Lajos Zilahy, born on March twenty-seventh, nineteen ninety-one, in Nagyszalonta, Austria-Hungary, was a multifaceted Hungarian writer and playwright. He pursued legal studies at the University of Budapest before serving in the Austro-Hungarian army during the First World War, where he was wounded on the Eastern Front. This harrowing experience later inspired his acclaimed novel, Two Prisoners (Két fogoly), which became a bestseller.
In addition to his literary achievements, Zilahy made significant contributions to the film industry. His novel Something Is Drifting on the Water (Valamit visz a víz) was adapted for the screen twice, and his play The General was transformed into films titled The Virtuous Sin in nineteen thirty and The Rebel in nineteen thirty-one. He also edited the art periodical Híd (The Bridge) from nineteen forty to nineteen forty-four, during which he actively opposed both fascism and communism.
In nineteen thirty-nine, Zilahy founded a film studio named Pegazus, which operated until the end of nineteen forty-three, producing several motion pictures, some of which he directed.
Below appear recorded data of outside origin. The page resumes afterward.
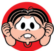
Dor de ouvido

Os sintomas mais comuns de covid-19 que as crianças apresentam são os de um resfriado, como febre, coriza, dor de ouvido, dor de garganta e dor de cabeça .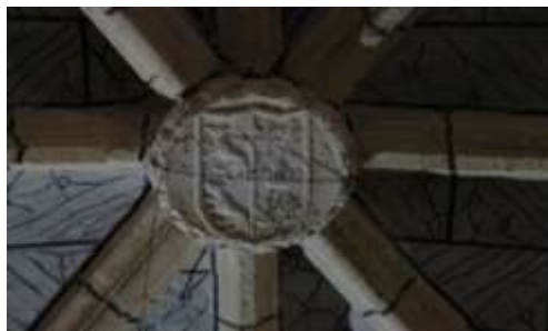
Escudo de la familia Cárdenas Figueroa. Iglesia de Santiato. Llerena.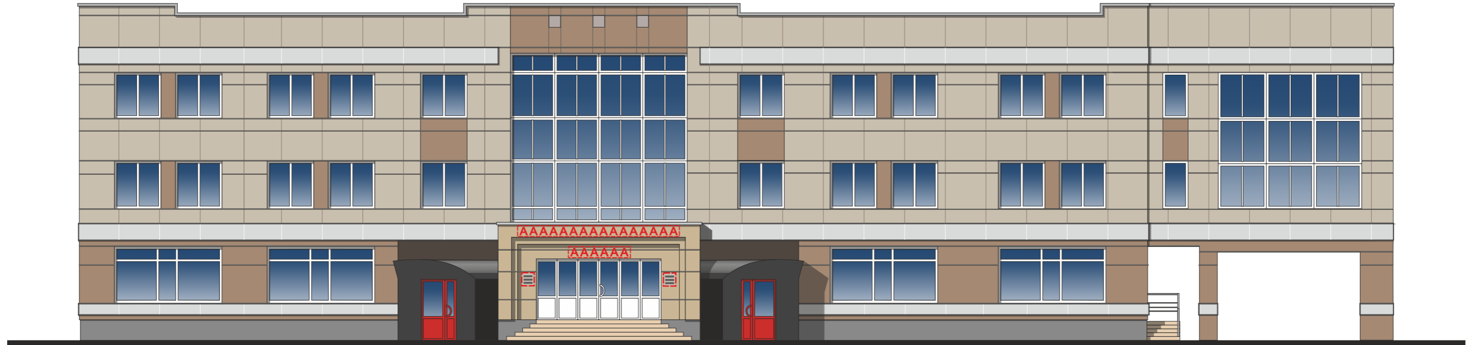
Схема мест размещения информационных конструкций (вывесок), информационных табличек, указателей и витрин, входных групп и их отдельных элементов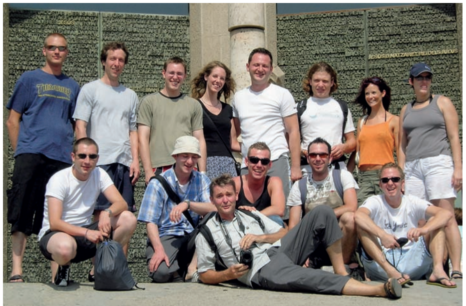
Die Malermeisterklasse 2004–2006 aus der Gewerblich-Industriellen Berufsschule Bern in der katalanischen Hafenstadt Barcelona.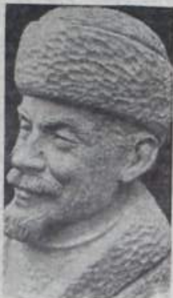
На снимке — портрет В. И. Ленина, выполненный в бронзе Фрэнком Сингером.

Недавно Сингер закончил свою последнюю работу. Это — В. И. Ленин, реконструкция из бронзы. В скульптуре Сингер старается передать портрет основателя Советского государства и маршала, завершив его к 100-летию со дня рождения вождя.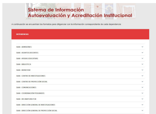
Imagen módulo Dependencias del SIAAI

Dicha herramienta permanecerá en actualización constante, con la certeza de que es un apoyo para la Comunidad Universitaria en los procesos del Aseguramiento de la Calidad Académica, encaminados hacia la gran meta de la “Acreditación Institucional”.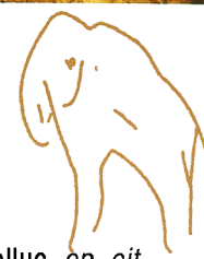
Mammouth 2, Pair non Pair, d'après B. et G. Delluc, op. cit.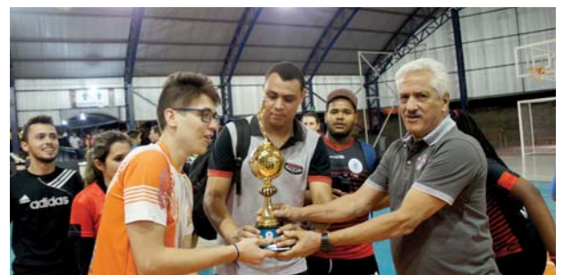
Cursos de Educação Física: Troféu FIPA.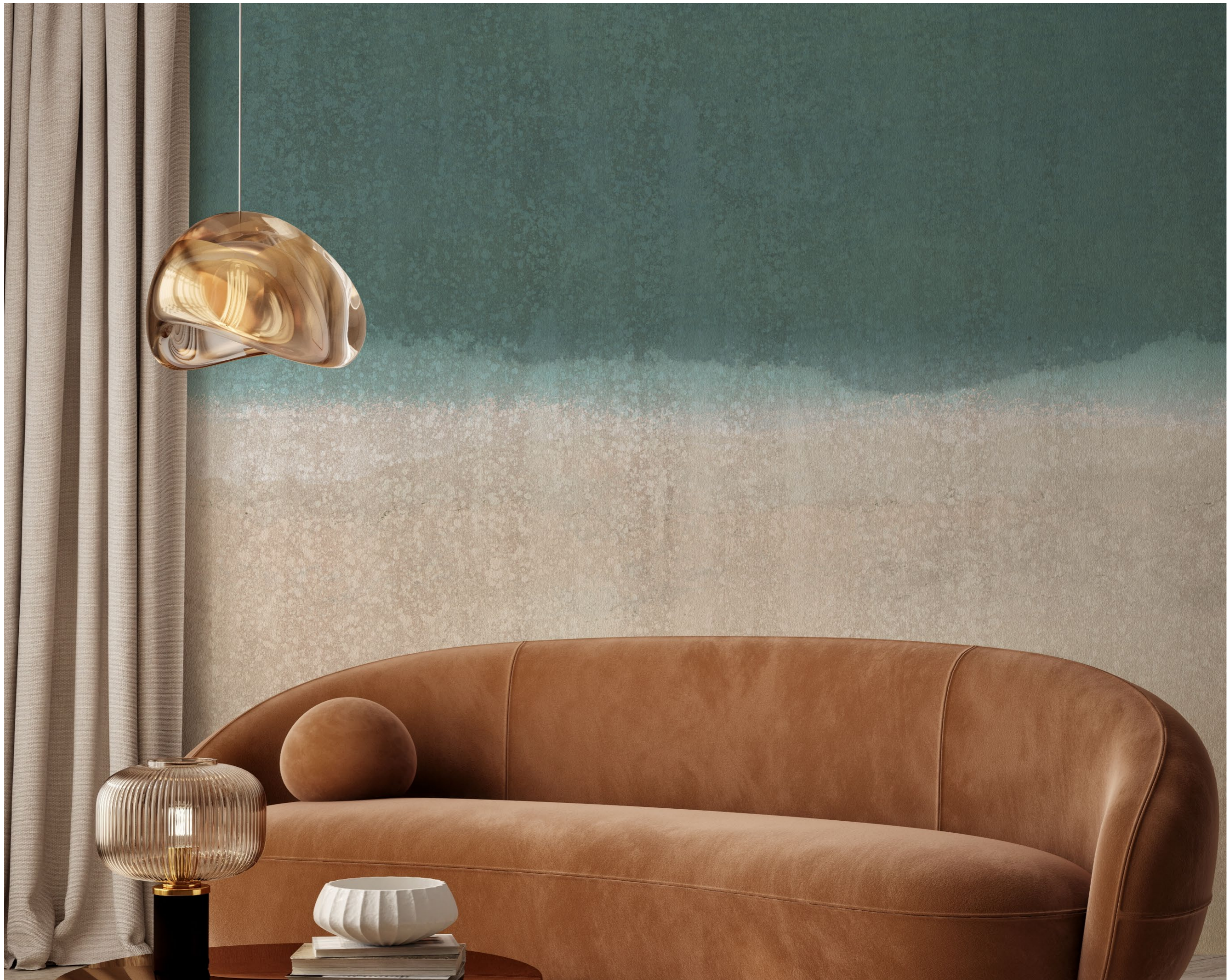
landscapes | FN0402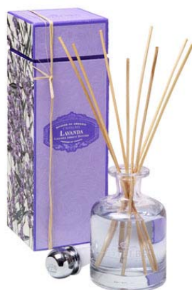
Ambientador p/Casa Alfazema Figo & Pera Limão & Salva Rosa 26,50€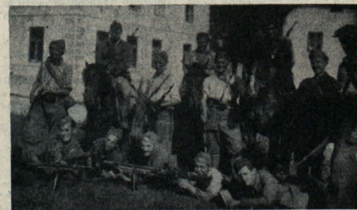
Udarni vod Kočevskega odreda v Koprivniku, maj 1942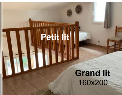
Mezzanine (vue 1)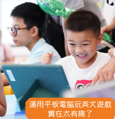
運用平板電腦玩英文遊戲 實在太有趣了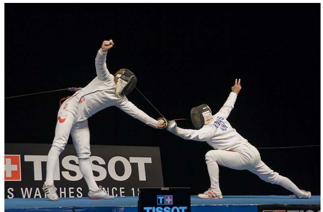
Assaut d'épée aux Championnats d'Europe d'escrime 2007

Pour arbitrer, il faut se mettre à côté de la piste et annoncer le début et la fin du match ainsi que les points. Il y a faute quand une personne touche par terre.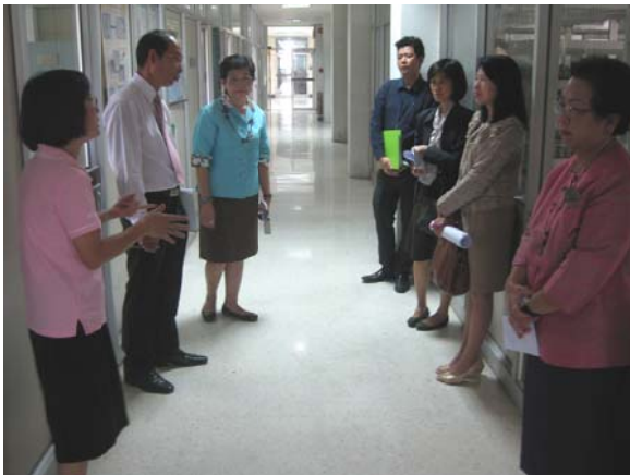
คณะกรรมการประเมินฯ เยี่ยมชมหน่วยงานภายใน วันที่ 2 กรกฎาคม 2556

His play Fatornyok (Wooden Towers) faced censorship in nineteen forty-four. In a remarkable act of philanthropy, he donated all his assets to the government treasury in the early nineteen forties to support youth education in world peace, leading to the establishment of Kitűnőek Iskolája.
After becoming the Secretary General of Hungarian PEN, Zilahy's liberal views put him at odds with both the right-wing Horthy regime and the subsequent Communist government. In nineteen forty-seven, he left Hungary and spent the remainder of his life in exile in the United States, where he completed A Dukay család, a trilogy chronicling the history of a fictitious Hungarian aristocratic family from the Napoleonic era to the mid-twentieth century. He passed away in Novi Sad, Serbia, then part of Yugoslavia.
Zilahy's literary legacy endures, with several of his novels translated into numerous languages, including Bulgarian, Czech, Danish, Dutch, English, Estonian, Finnish, French, German, Italian, Japanese, Polish, Romanian, Serbo-Croatian, Slovak, Slovenian, Spanish, Swedish, and Turkish. His plays and short stories have also reached a wide audience through translations into various languages.